Fury braced him, like a burnt feather waved beneath the nose. He straightened up, trying not to growl. “I’m sure you’re right, sir.” Turning on his heel, he stamped away, taking out fear and anger on the unresisting deck.

Later, he sat in the scrubbed and sun-drenched neatness of Hal’s cabin and watched the small rise and fall of Hal’s chest beneath the bandages. Mouth open, Robert breathed as softly as he could while he listened—in the post-battle stillness of the ship—for the faint whistle that would indicate the wound had opened, that air leaked from the pierced lung. Would Hal want to return to a world that offered him only second-rate comfort? Or would he relax into death gratefully, the way he had plummeted into sleep in Bridgetown?

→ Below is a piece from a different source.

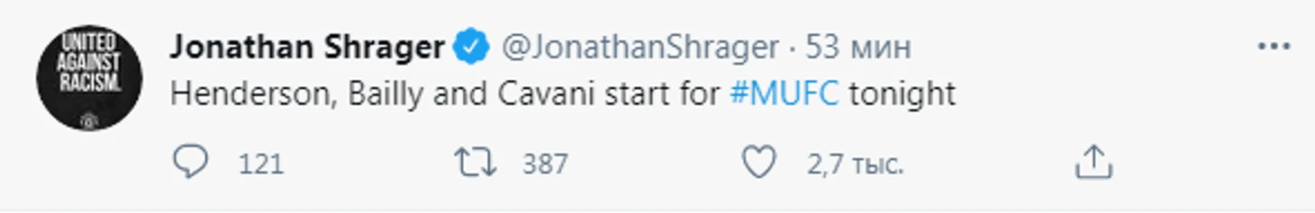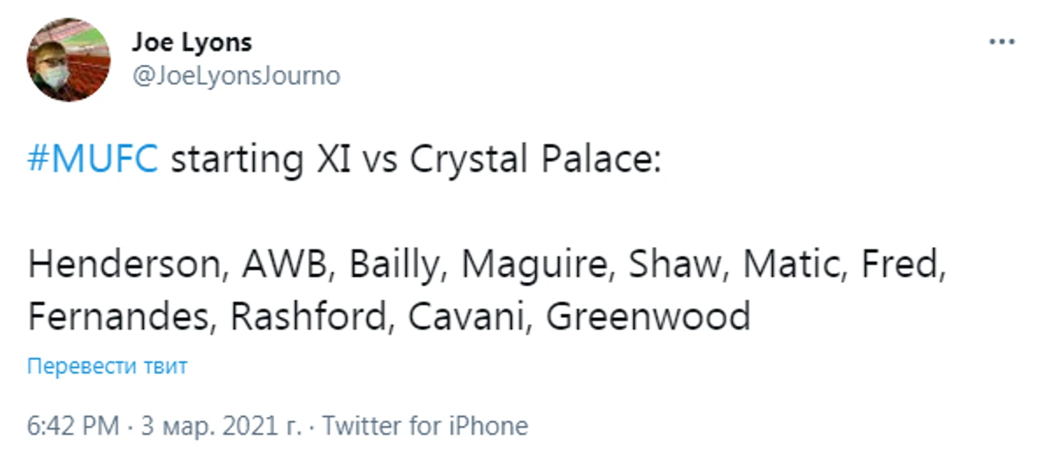 До публикации информации Шрагера, малоизвестный инсайдер Джо Лайонс сообщил весь состав "красных дьяволов" в их сегодняшнем гостевом мачте против "Кристал Пэлас".

Robert paced the tiny room from end to end. He watched the wound fever, from its first healthy blush to the sweats, shakes and garbled, terrified outcries of delirium. Drawing up a stool beside the cot, he administered cool cloths and small dribbles of water until Hal’s raving ceased. In the weary quiet afterward, he leaned close to whisper some of the things he should have been brave enough to say from the start. Poems, translated so that Hal could understand them, and all that nonsense about sunsets and sweethearts he’d let mere embarrassment silence and, in doing so, had convinced Hal he had no finer feelings at all.

Just…let it not be too late, Lord. Please let it not be too late.